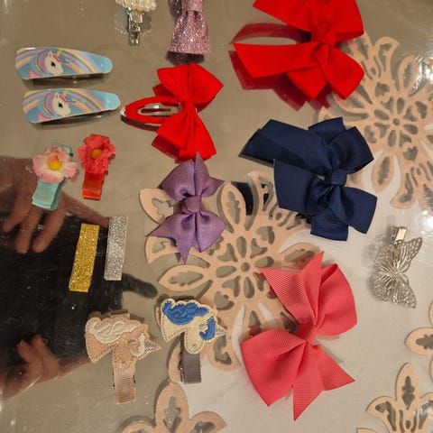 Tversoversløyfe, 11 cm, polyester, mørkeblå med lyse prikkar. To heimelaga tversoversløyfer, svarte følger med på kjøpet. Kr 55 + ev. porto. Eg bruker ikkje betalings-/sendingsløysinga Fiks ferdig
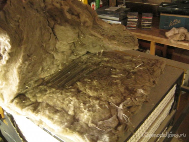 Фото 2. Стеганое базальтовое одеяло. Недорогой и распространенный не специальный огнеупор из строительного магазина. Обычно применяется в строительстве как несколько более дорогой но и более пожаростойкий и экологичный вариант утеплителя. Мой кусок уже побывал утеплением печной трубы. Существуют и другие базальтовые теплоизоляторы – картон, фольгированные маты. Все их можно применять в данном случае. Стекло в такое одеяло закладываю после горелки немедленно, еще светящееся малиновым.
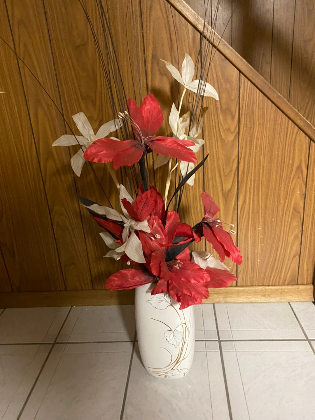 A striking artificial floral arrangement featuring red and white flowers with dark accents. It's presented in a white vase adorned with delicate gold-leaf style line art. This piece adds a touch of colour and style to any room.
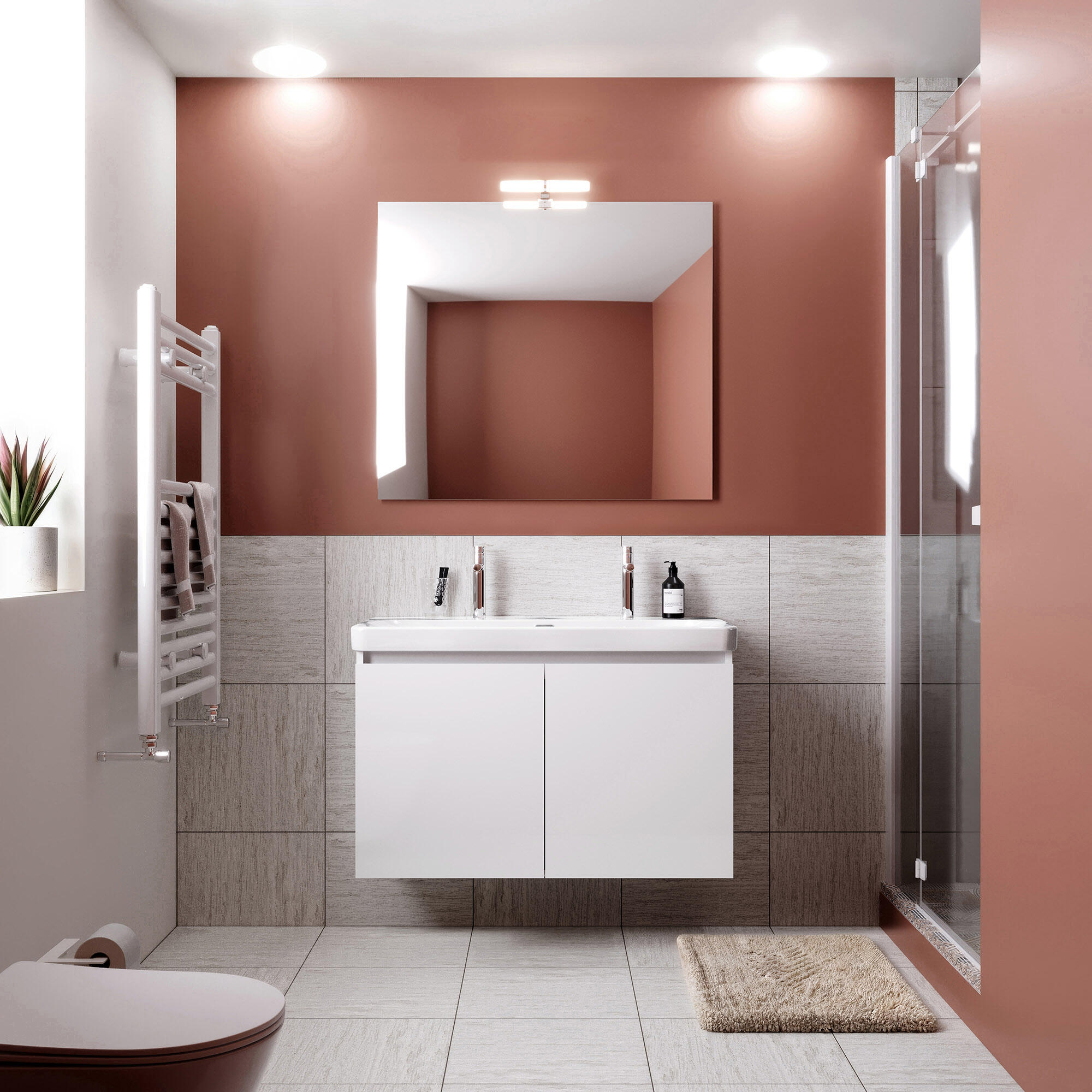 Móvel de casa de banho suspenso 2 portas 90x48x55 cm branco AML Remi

.....

● **Prompt**
Would you write out the data exactly, with no pictures in the copy?

● **Answer space**
 Tversoversløyfe, 11 cm, polyester, mørkeblå med lyse prikkar. To heimelaga tversoversløyfer, svarte følger med på kjøpet. Kr 55 + ev. porto. Eg bruker ikkje betalings-/sendingsløysinga Fiks ferdig
 Фото 2. Стеганое базальтовое одеяло. Недорогой и распространенный не специальный огнеупор из строительного магазина. Обычно применяется в строительстве как несколько более дорогой но и более пожаростойкий и экологичный вариант утеплителя. Мой кусок уже побывал утеплением печной трубы. Существуют и другие базальтовые теплоизоляторы – картон, фольгированные маты. Все их можно применять в данном случае. Стекло в такое одеяло закладываю после горелки немедленно, еще светящееся малиновым.
 A striking artificial floral arrangement featuring red and white flowers with dark accents. It's presented in a white vase adorned with delicate gold-leaf style line art. This piece adds a touch of colour and style to any room.
 Móvel de casa de banho suspenso 2 portas 90x48x55 cm branco AML Remi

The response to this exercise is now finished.